The desk research has shown that digital information over each of these elements already exists, but the road transport operators have pointed out during interviews that there is little coordination (Wiegmans et al. 2018). Indeed, multiple data sources exist, presenting information for all the elements mentioned, but no coordinated hub providing the information in a standardized and uniform way is available. In effect, the data is scattered over multiple servers in wildly different formats and with varying strengths and quality. Moreover, digitalization and technology are no barriers (or disadvantages) anymore when more advanced technologies (that leverage on cloud solutions, remote processing etc.) are set in use. In this context, a neutral party could pursue this level of integration. After integrating these sources of information, public application programming interface (API)s could be opened for the use of a wide range of application developers.

To have a successful TGS, the cost of multiple data source integration is covered by the initiating party. In this regard, the interviewees have indicated that this initiating party has to be a neutral stakeholder that also would also need to ensure the operation and the follow-up of improvements introduced by these sources.

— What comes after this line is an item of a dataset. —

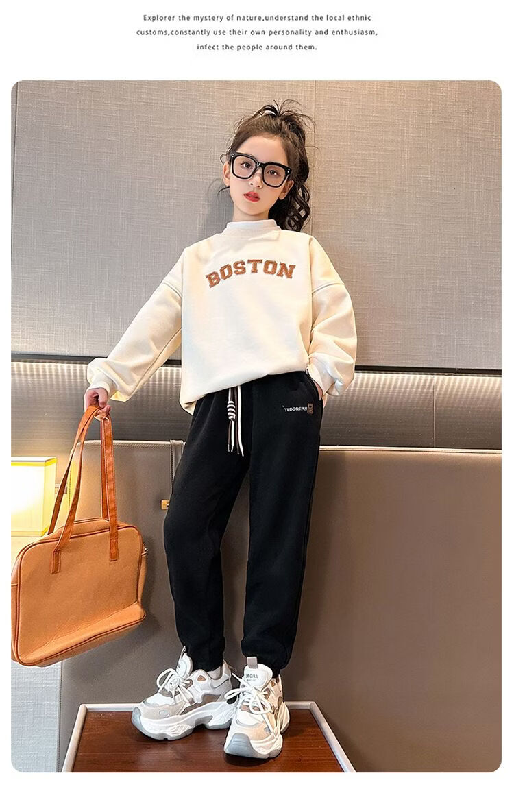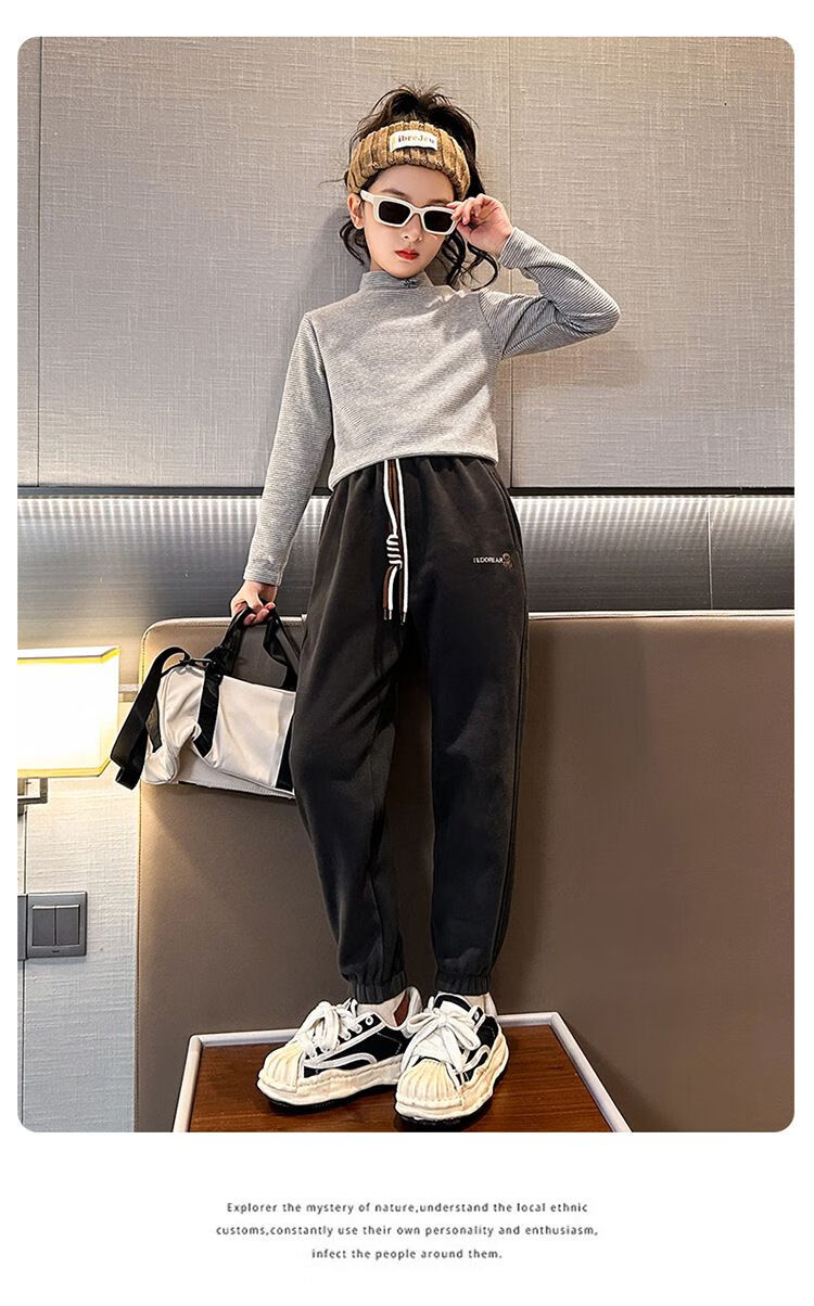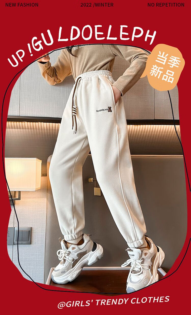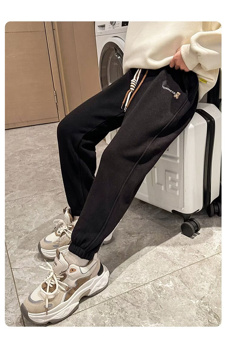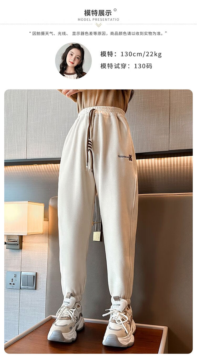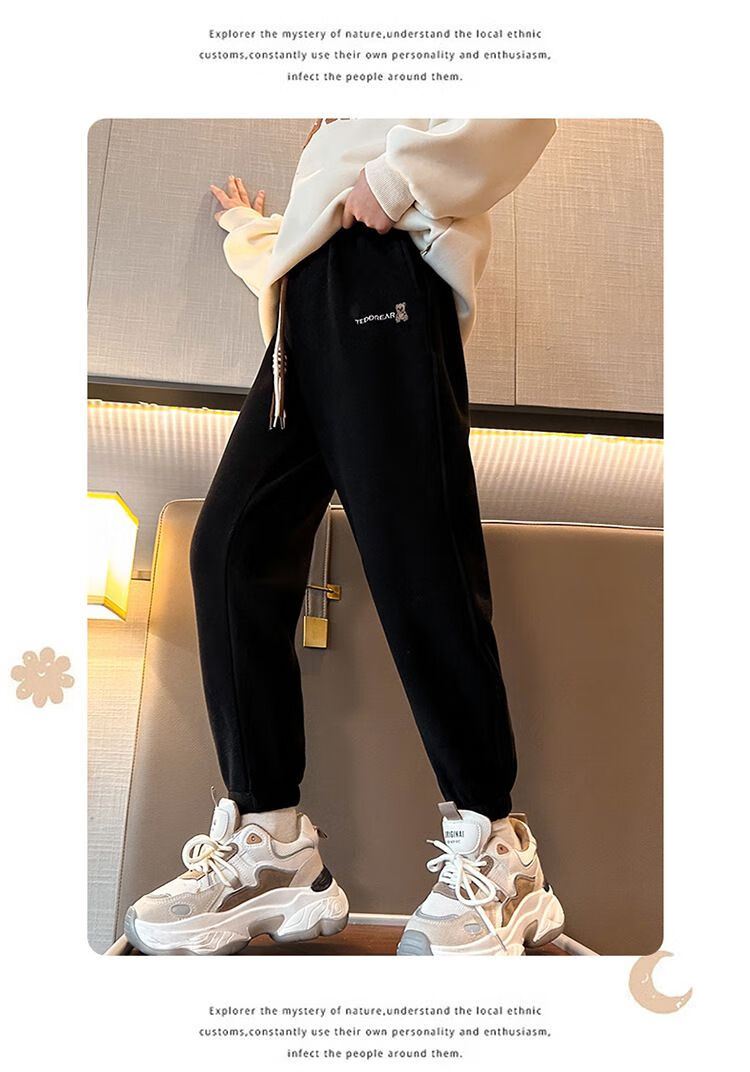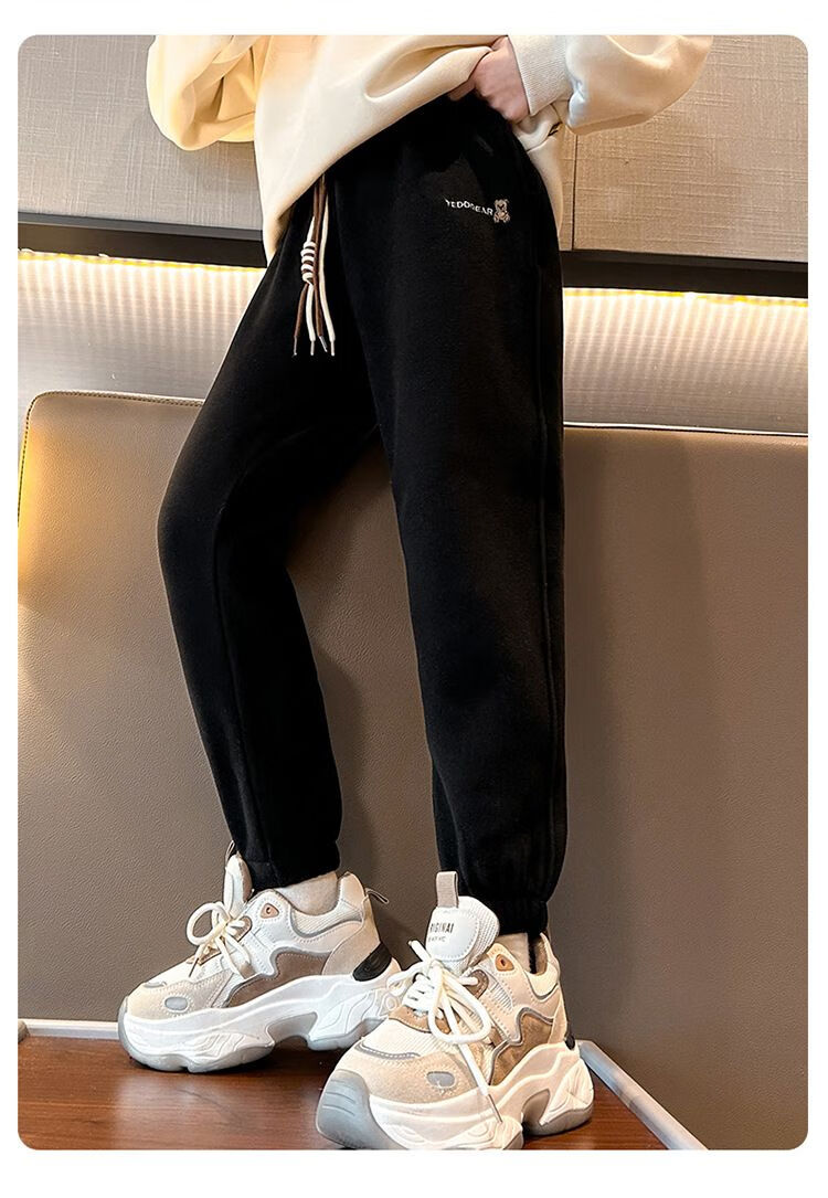 淘町冬季新款儿童加绒裤韩版女童休闲长裤中大童一体绒保暖裤子潮 黑色 110

On the benefits side, from Table 3, it can be seen that the bundling of different information sources is mainly beneficial to the trucking industry. The trucking companies, by having direct access to real-time electronic information, would benefit from operational savings and increased performance. Also by bundling information in a one-stop-shop type of system, it is expected that trucking companies will increase their efficiency. As a consequence, other third-party IT developers focused on services that are not directly linked to the trucking industry could benefit from higher information quality and a standardized data source.

Enhanced TGS

This research shows that, besides the further integration of external data sources, building an enhanced TGS is a following step in achieving a fully automated TGS. That step concerns the connection to the planner’s back end, integration with slot appointment systems at the terminals, integration with road infrastructure managements systems and linking other stakeholders’ systems (such as shippers, maritime carriers, agents, forwarders, consignees). These actions, taken also in parallel, would enable the following results. Firstly, it creates a reliable planning based on centralized information by truck planners. Secondly, it contributes to increasing efficiency at the terminals by providing higher quality and reliable data with regard to road transport. Thirdly, it enables new management solutions for road infrastructure and parking capacity according to the demand. Finally, it updates actively the operational status of activities carried out in operations involving multiple stakeholders (e.g. providing shippers with details regarding whether their cargo has been unloaded from a vessel and what would be the expected time of pick-up by a road carrier.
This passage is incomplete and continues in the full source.